* What is being asked *
A word-for-word copy of the lines below, starting at the line with "The locomotive Terezinha." and ending at the last one, is what you should give. Omit every picture.

* Data provided *
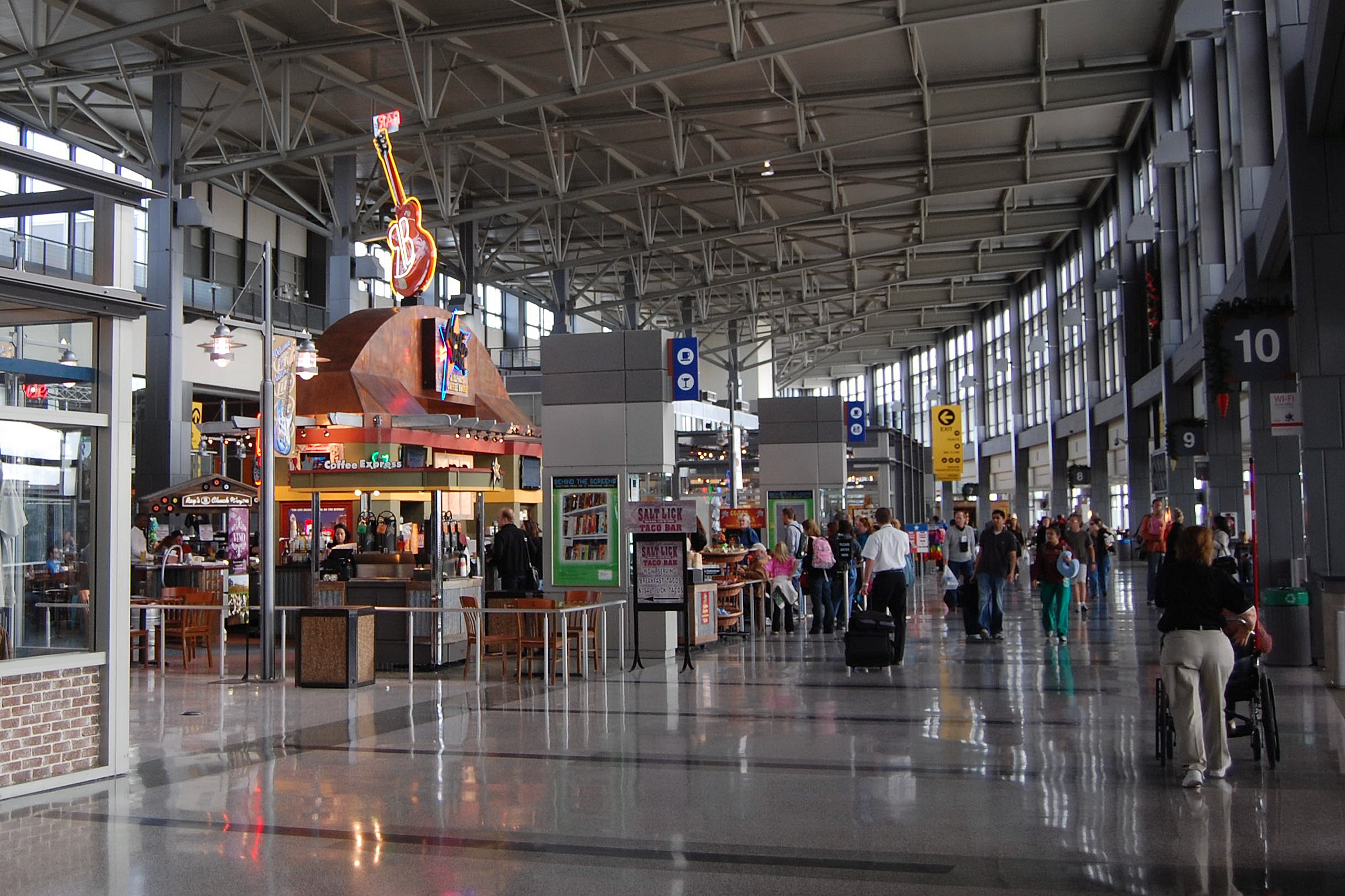 Interior - Austin Bergstrom International Airport terminal
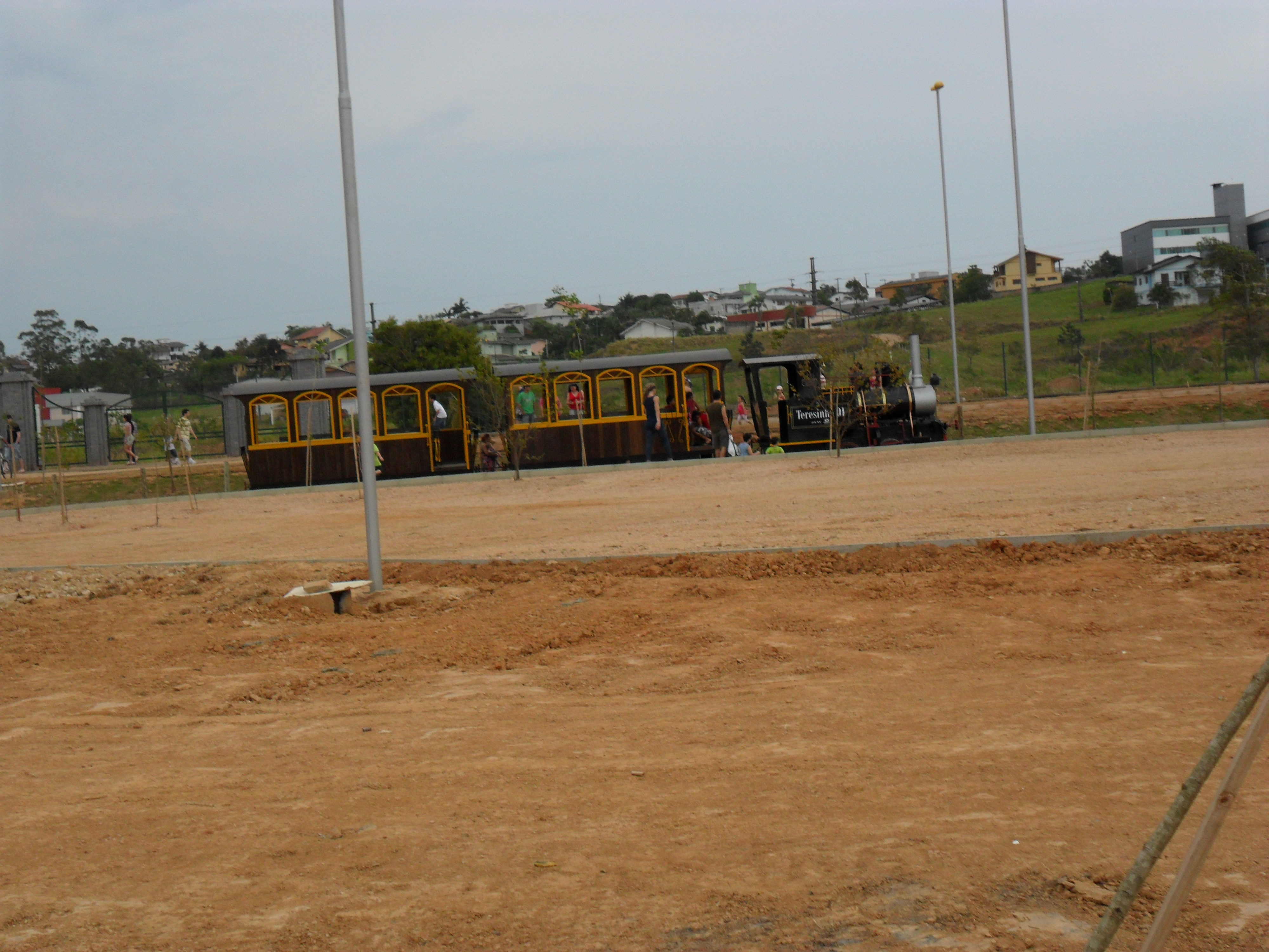 The locomotive Terezinha.
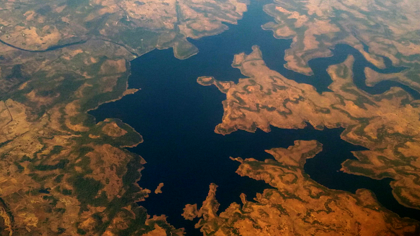 Aerial view of Bhatsa Dam, Maharastra
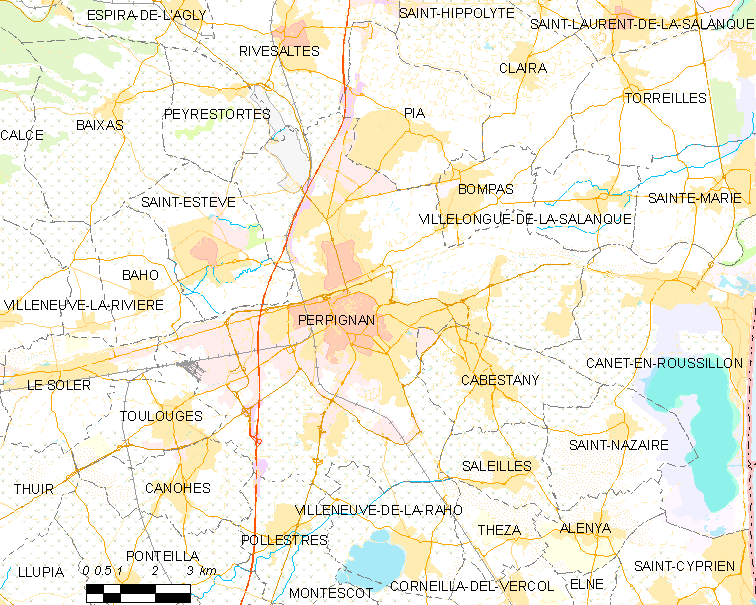 Map of French municipality

* Response *
 The locomotive Terezinha.
 Aerial view of Bhatsa Dam, Maharastra
 Map of French municipality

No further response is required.